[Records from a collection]
....................
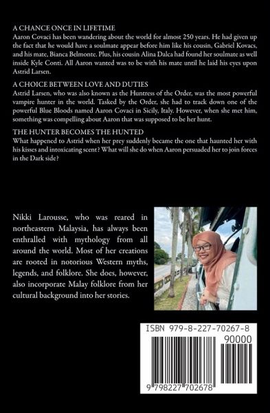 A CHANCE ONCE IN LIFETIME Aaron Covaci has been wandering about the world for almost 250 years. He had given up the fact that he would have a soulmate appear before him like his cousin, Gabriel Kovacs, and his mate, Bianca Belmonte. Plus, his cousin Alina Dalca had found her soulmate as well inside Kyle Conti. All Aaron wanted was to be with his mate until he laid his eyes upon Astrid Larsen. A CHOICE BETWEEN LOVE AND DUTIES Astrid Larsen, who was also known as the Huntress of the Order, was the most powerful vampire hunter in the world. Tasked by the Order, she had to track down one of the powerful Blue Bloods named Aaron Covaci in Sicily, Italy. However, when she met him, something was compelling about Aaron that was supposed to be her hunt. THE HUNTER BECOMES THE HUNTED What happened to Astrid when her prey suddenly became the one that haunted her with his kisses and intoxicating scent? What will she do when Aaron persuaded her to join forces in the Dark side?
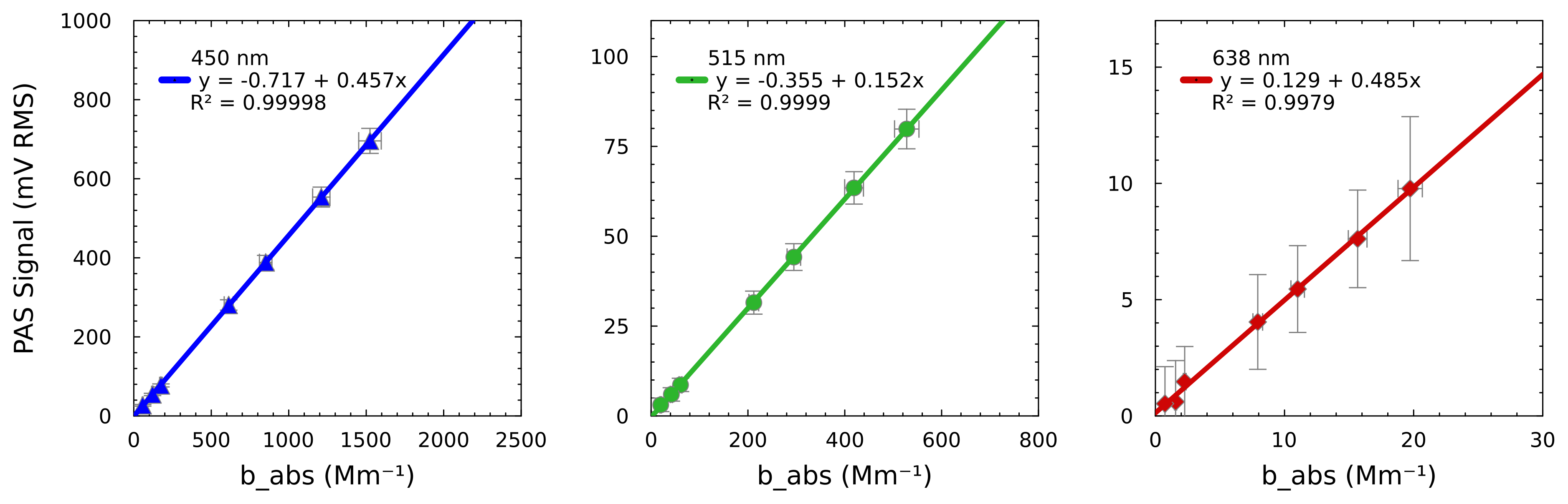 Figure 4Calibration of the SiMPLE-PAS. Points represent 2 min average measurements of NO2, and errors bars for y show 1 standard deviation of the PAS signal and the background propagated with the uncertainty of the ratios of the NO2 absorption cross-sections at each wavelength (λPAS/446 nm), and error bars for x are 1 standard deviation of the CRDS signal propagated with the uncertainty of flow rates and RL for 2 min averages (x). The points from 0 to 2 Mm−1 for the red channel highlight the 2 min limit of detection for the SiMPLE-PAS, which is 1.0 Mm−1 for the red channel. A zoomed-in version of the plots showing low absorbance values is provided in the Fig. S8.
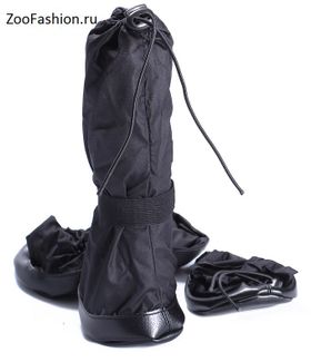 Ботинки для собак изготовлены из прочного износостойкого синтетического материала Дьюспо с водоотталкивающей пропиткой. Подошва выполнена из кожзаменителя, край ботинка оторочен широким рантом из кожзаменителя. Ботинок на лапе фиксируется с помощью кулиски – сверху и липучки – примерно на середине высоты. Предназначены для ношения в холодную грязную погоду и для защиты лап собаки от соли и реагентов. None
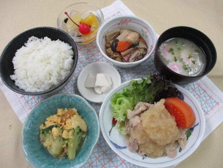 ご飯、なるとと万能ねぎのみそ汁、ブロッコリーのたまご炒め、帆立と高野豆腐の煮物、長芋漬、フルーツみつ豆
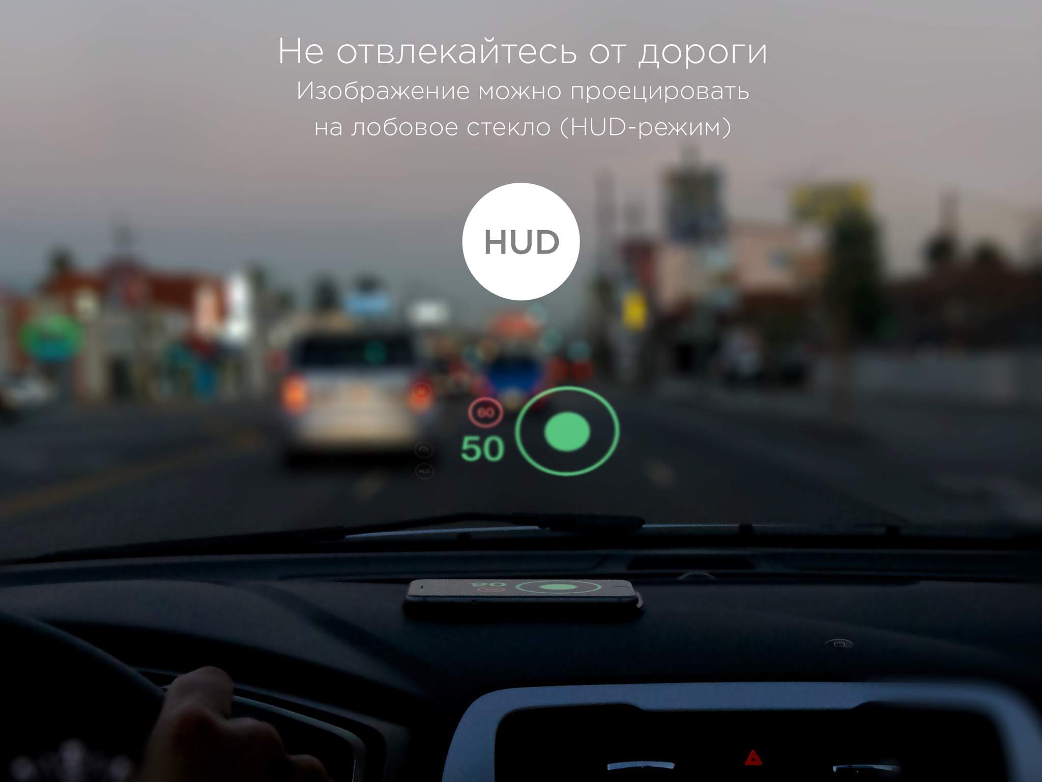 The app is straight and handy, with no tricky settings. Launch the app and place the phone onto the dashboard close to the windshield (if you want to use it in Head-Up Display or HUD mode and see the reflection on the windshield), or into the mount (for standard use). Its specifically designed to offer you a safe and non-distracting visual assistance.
....................
- **Directions**: Using the entries above, extract exactly the lines from the one that contains "Figure 4Calibration of" through the one that contains "ご飯、なるとと万能ねぎのみそ". Do not carry over any pictures.

- **Result for this exercise**:
 Figure 4Calibration of the SiMPLE-PAS. Points represent 2 min average measurements of NO2, and errors bars for y show 1 standard deviation of the PAS signal and the background propagated with the uncertainty of the ratios of the NO2 absorption cross-sections at each wavelength (λPAS/446 nm), and error bars for x are 1 standard deviation of the CRDS signal propagated with the uncertainty of flow rates and RL for 2 min averages (x). The points from 0 to 2 Mm−1 for the red channel highlight the 2 min limit of detection for the SiMPLE-PAS, which is 1.0 Mm−1 for the red channel. A zoomed-in version of the plots showing low absorbance values is provided in the Fig. S8.
 Ботинки для собак изготовлены из прочного износостойкого синтетического материала Дьюспо с водоотталкивающей пропиткой. Подошва выполнена из кожзаменителя, край ботинка оторочен широким рантом из кожзаменителя. Ботинок на лапе фиксируется с помощью кулиски – сверху и липучки – примерно на середине высоты. Предназначены для ношения в холодную грязную погоду и для защиты лап собаки от соли и реагентов. None
 ご飯、なるとと万能ねぎのみそ汁、ブロッコリーのたまご炒め、帆立と高野豆腐の煮物、長芋漬、フルーツみつ豆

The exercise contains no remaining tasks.